Le scénario de ce point de conjoncture est entouré de très fortes incertitudes. La plus importante concerne la crise européenne et sa transmission à l’économie réelle. On ne perçoit pas aujourd’hui de signes tangibles d’un resserrement généralisé des conditions de financement des agents privés en Europe, notamment en raison de l’intervention des banques centrales pour fournir des liquidités au système financier. Le scénario présenté ici ne suppose pas d’aggravation des tensions financières à l’horizon de la fin de l’année ; mais un grippage des canaux de financement de l’économie ne peut être exclu, et il aurait pour conséquence un freinage plus prononcé de la demande.
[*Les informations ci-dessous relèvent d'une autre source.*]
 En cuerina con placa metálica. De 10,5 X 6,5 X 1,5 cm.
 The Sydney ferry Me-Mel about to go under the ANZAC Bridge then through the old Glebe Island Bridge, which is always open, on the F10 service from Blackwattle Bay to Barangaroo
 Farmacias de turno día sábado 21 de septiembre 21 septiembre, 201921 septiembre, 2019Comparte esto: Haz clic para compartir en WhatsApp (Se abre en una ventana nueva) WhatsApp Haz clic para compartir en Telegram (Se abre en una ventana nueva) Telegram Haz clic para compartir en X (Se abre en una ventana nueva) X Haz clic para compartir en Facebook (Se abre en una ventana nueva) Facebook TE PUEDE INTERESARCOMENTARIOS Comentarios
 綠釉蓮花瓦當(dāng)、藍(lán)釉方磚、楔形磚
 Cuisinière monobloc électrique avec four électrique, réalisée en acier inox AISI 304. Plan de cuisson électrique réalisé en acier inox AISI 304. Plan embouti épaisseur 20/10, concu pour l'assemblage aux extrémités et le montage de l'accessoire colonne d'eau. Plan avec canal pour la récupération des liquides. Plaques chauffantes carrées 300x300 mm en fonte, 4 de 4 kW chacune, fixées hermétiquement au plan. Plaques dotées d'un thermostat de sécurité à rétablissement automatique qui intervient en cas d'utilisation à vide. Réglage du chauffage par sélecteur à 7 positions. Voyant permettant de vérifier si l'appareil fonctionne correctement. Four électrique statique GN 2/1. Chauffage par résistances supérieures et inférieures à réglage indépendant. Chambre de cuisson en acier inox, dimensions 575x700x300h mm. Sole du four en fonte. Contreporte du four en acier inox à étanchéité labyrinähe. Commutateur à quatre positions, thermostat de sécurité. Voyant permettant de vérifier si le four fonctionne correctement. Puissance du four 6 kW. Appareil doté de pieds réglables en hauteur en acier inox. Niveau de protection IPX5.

En revanche, la mise en œuvre par les pays concernés de mesures susceptibles de restaurer la confiance des agents économiques en la solidité du système financier mondial pourrait créer un effet favorable sur les anticipations. Par ailleurs, un recul des prix du pétrole, une fois levées certaines contraintes d’offre, pourrait soutenir l’activité des économies avancées et servir d’amortisseur à la dégradation de l’activité.